Shiller (1981) defines excess volatility as the volatility of the equity market that cannot be justified by variation in subsequent dividends. Since the information that investors use to forecast future dividends is unobservable in nature, researchers often examine the excess volatility puzzle by comparing the realized stock price volatility to the volatility bounds. These bounds are formalized based on the ex-post present values derived from some discount-rate models. However, the empirical methodologies employed in the volatility test literature have been under extensive critiques ever since Shiller (1981). For example, Cochrane (1991) criticizes that the volatility tests are only tests of specific discount-rate models; they do not have any advantage over other empirical methods such as return-forecasting regressions or Euler equations and cannot tell much about the market efficiency or inefficiency.

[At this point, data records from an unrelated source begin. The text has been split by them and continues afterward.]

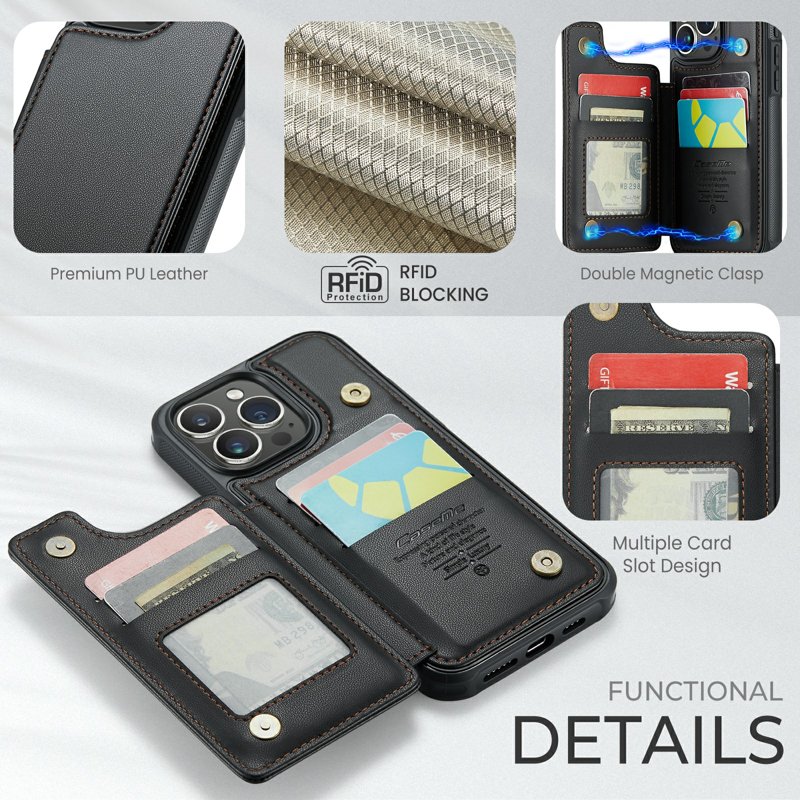 - Dubbelt magnetiskt stängning - Den dubbla magnetiska låsanordningen säkerställer att dina kort och kontanter förvaras säkert.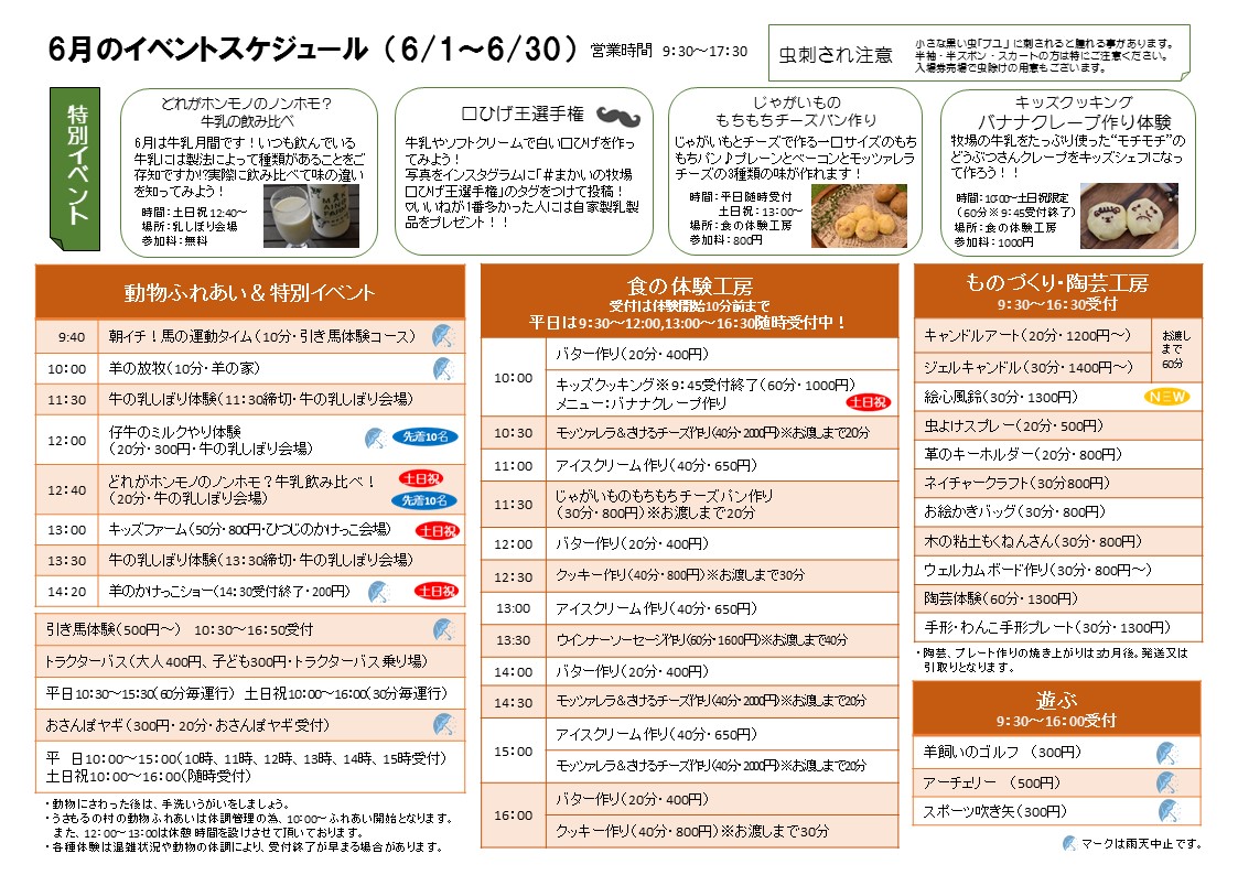 12時40分からの『どれがホンモノのノンホモ?牛乳の飲み比べ!』イベントの記載に間違いがございました。正しくは、土日祝日限定イベントになります。大変申し訳ございません。
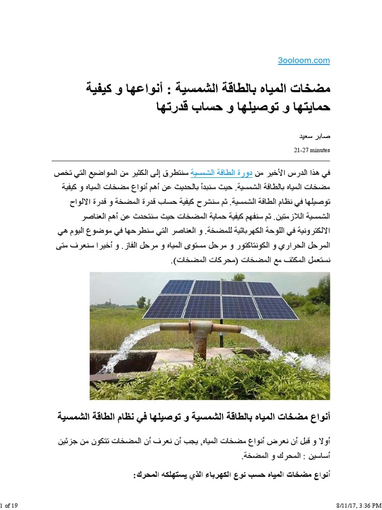 مضخات المياه بالطاقة الشمسية أنواعها و كيفية حمايتها و توصيلها و حساب قدرتها العلوم سبيلنا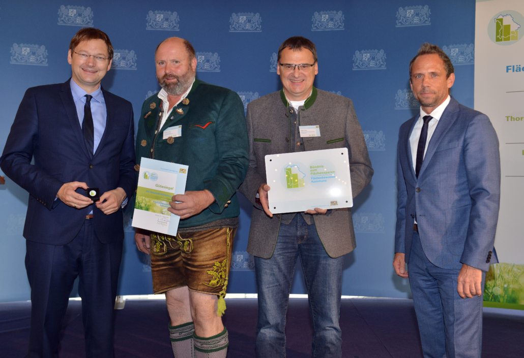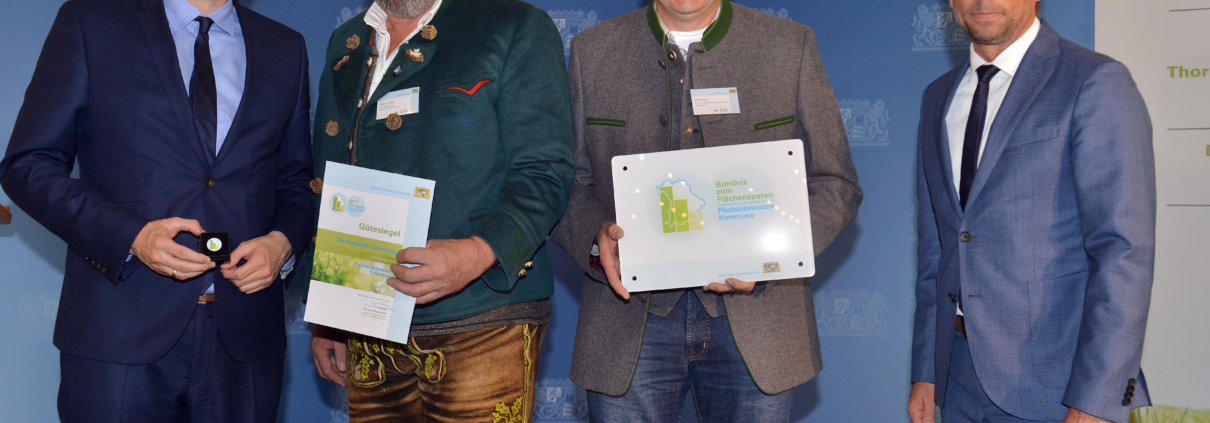 Das neue staatliche Gütesiegel „Flächenbewusste Kommune“ soll einen zusätzlichen Anreiz dazu bieten, den Flächenverbrauch in Bayern weiter zu reduzieren. Das betonten Bayerns Umweltminister Thorsten Glauber und Bayerns Bauminister Dr. Hans Reichhart heute bei der Übergabe von staatlichen Gütesiegeln an vier Preisträger. Glauber: „Boden ist nicht vermehrbar. Wir wollen den Flächenverbrauch im Freistaat deutlich und dauerhaft senken. Der Koalitionsvertrag gibt ein klares Ziel vor: Fünf Hektar pro Tag. Wir setzen dabei auf eine enge Partnerschaft mit den Kommunen. Die Kommunen sollen auch weiterhin selbst über ihre Entwicklung entscheiden können. Baulücken und Brachflächen im Ort sind der Schlüssel zum Flächensparen. Die ausgezeichneten Kommunen zeigen mit tollen Konzepten und besonderem Engagement, wie wir gemeinsam erfolgreich Flächen sparen können.“ Für Bauminister Reichhart ist Flächensparen mehr als eine Richtgröße oder starre Zahl: „Flächensparen bedeutet die Schöpfung, unsere natürlichen Lebensgrundlagen zu bewahren. Mit unseren Förderinitiativen ‚Innen statt Außen‘ und ‚Flächenentsiegelung‘ setzen wir bei den Gemeinden spürbare Impulse, ihre Innenentwicklungspotentiale zu nutzen und so den Flächenverbrauch zu reduzieren. Hierfür stellen wir jährlich 100 Millionen Euro bereit. Und unsere Programme zeigen auch Wirkung: Drei von vier Preisträgern heute sind in der Städtebauförderung aktiv! Mit dem neuen Gütesiegel bauen wir darauf auf und schaffen zusätzliche Anreize, um noch mehr Kommunen für das Flächensparen zu gewinnen.“

This issue of unobservable information becomes even more disturbing when we try to identify profitable opportunities implied by excess volatility. We cannot use any ex-post information—such as ex-post dividend distributions, which are often utilized in the volatility test literature—to quantify excess volatility. Thus, some innovative method must be attempted in order to accomplish the challenging task that is posited by Dumas (2003).
We go back to the literature for possible clues to quantify excess volatility. First, Shiller (1981) states that the short-term stock market volatility is too excessive to be explained by the subsequent variation in the economic fundamentals. In the longer horizon, however, the extra volatility should fade away as more real information about economic growth, corporate earnings, and changes in the business condition are factored into the stock price. Second, French and Roll (1986) propose that if trading noises are the source that causes excess volatility in daily returns, the variance of long-horizon returns should be less than the cumulated variance of daily returns. They find that mispricing can be responsible for 4–12% of the variance in daily returns on average. Third, Fama (1990) and Schwert (1990) provide abundant empirical evidence that the fluctuation in stock returns over longer holding horizons can be explained more by variation in the subsequent real activities. They argue that since economic information is usually spread over many previous periods, the cumulative economic information can be better captured by the longer-term stock returns.
Although the classical studies listed above have various research aims on their own, they share the same view that the economic fundamentals are more correctly reflected by longer-horizon stock returns. Thus, the difference between the volatility of short- and long-horizon returns can be very informative for quantifying excess volatility.